Problem details -> From the line with "ジーンズ ルーズカジュアルプリントパンツ ストリート" to the line with "2025年8月27日に、床版", retype every line exactly, including those two, and leave out the rest of the data below.
(Exercise inputs Opens)
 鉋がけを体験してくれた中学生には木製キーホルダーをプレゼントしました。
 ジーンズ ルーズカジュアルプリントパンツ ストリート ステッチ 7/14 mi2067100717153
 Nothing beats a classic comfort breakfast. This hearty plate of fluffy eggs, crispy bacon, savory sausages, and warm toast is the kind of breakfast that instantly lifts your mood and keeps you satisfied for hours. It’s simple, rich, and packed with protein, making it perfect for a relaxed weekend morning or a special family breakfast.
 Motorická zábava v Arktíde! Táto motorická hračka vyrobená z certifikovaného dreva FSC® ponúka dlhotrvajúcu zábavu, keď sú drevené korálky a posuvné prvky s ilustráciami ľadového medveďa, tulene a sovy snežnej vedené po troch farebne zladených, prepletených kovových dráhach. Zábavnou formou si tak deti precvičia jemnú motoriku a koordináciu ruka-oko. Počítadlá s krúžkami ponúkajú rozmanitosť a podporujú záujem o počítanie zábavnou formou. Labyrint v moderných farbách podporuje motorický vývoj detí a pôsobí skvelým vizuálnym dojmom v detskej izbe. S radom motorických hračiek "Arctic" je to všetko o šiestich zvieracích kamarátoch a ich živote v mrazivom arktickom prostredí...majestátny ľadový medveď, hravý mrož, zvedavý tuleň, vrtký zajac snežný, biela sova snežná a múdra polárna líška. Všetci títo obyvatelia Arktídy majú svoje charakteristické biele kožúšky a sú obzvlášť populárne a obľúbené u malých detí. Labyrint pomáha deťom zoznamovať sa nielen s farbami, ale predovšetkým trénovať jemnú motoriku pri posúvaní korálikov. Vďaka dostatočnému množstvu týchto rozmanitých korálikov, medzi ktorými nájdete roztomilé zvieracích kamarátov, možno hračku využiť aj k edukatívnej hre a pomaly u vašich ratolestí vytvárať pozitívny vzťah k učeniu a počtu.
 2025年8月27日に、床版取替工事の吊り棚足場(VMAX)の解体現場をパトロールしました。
(Exercise inputs Closes)
(Exercise inputs Opens)
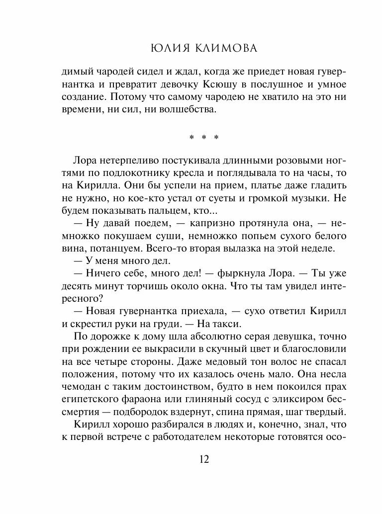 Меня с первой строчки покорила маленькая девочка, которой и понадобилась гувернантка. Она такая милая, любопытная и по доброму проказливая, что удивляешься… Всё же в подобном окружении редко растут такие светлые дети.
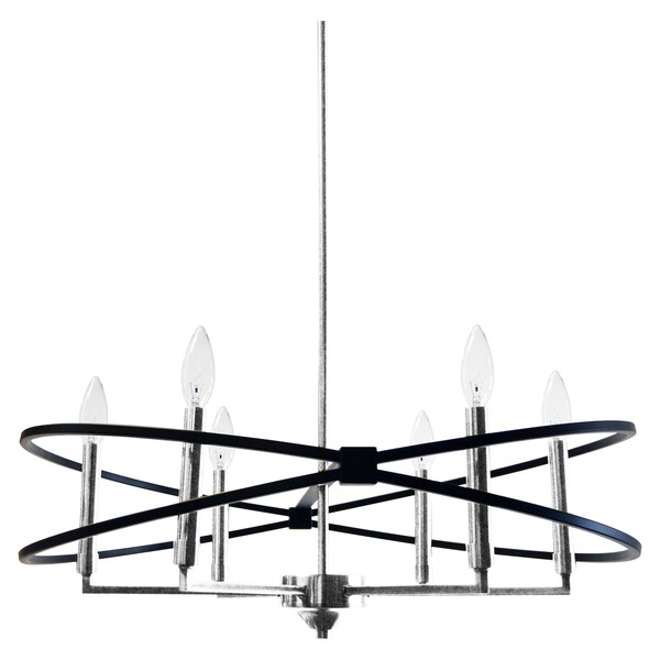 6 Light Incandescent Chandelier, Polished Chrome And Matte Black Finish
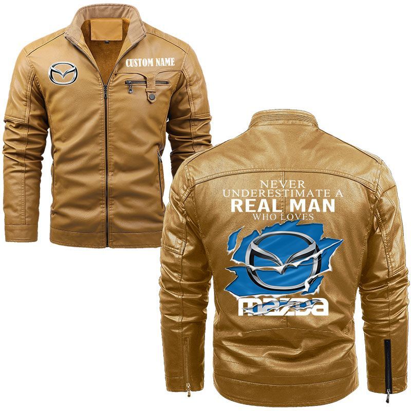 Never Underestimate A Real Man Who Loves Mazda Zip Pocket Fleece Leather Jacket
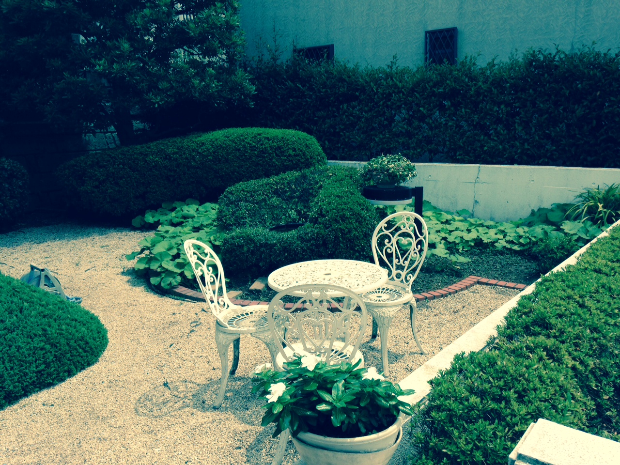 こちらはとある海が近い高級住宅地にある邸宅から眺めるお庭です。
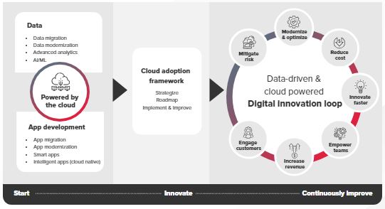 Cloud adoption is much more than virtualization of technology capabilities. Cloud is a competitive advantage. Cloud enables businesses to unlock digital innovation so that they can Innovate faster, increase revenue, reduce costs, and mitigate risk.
(Exercise inputs Closes)
Task solution ->
 ジーンズ ルーズカジュアルプリントパンツ ストリート ステッチ 7/14 mi2067100717153
 Nothing beats a classic comfort breakfast. This hearty plate of fluffy eggs, crispy bacon, savory sausages, and warm toast is the kind of breakfast that instantly lifts your mood and keeps you satisfied for hours. It’s simple, rich, and packed with protein, making it perfect for a relaxed weekend morning or a special family breakfast.
 Motorická zábava v Arktíde! Táto motorická hračka vyrobená z certifikovaného dreva FSC® ponúka dlhotrvajúcu zábavu, keď sú drevené korálky a posuvné prvky s ilustráciami ľadového medveďa, tulene a sovy snežnej vedené po troch farebne zladených, prepletených kovových dráhach. Zábavnou formou si tak deti precvičia jemnú motoriku a koordináciu ruka-oko. Počítadlá s krúžkami ponúkajú rozmanitosť a podporujú záujem o počítanie zábavnou formou. Labyrint v moderných farbách podporuje motorický vývoj detí a pôsobí skvelým vizuálnym dojmom v detskej izbe. S radom motorických hračiek "Arctic" je to všetko o šiestich zvieracích kamarátoch a ich živote v mrazivom arktickom prostredí...majestátny ľadový medveď, hravý mrož, zvedavý tuleň, vrtký zajac snežný, biela sova snežná a múdra polárna líška. Všetci títo obyvatelia Arktídy majú svoje charakteristické biele kožúšky a sú obzvlášť populárne a obľúbené u malých detí. Labyrint pomáha deťom zoznamovať sa nielen s farbami, ale predovšetkým trénovať jemnú motoriku pri posúvaní korálikov. Vďaka dostatočnému množstvu týchto rozmanitých korálikov, medzi ktorými nájdete roztomilé zvieracích kamarátov, možno hračku využiť aj k edukatívnej hre a pomaly u vašich ratolestí vytvárať pozitívny vzťah k učeniu a počtu.
 2025年8月27日に、床版取替工事の吊り棚足場(VMAX)の解体現場をパトロールしました。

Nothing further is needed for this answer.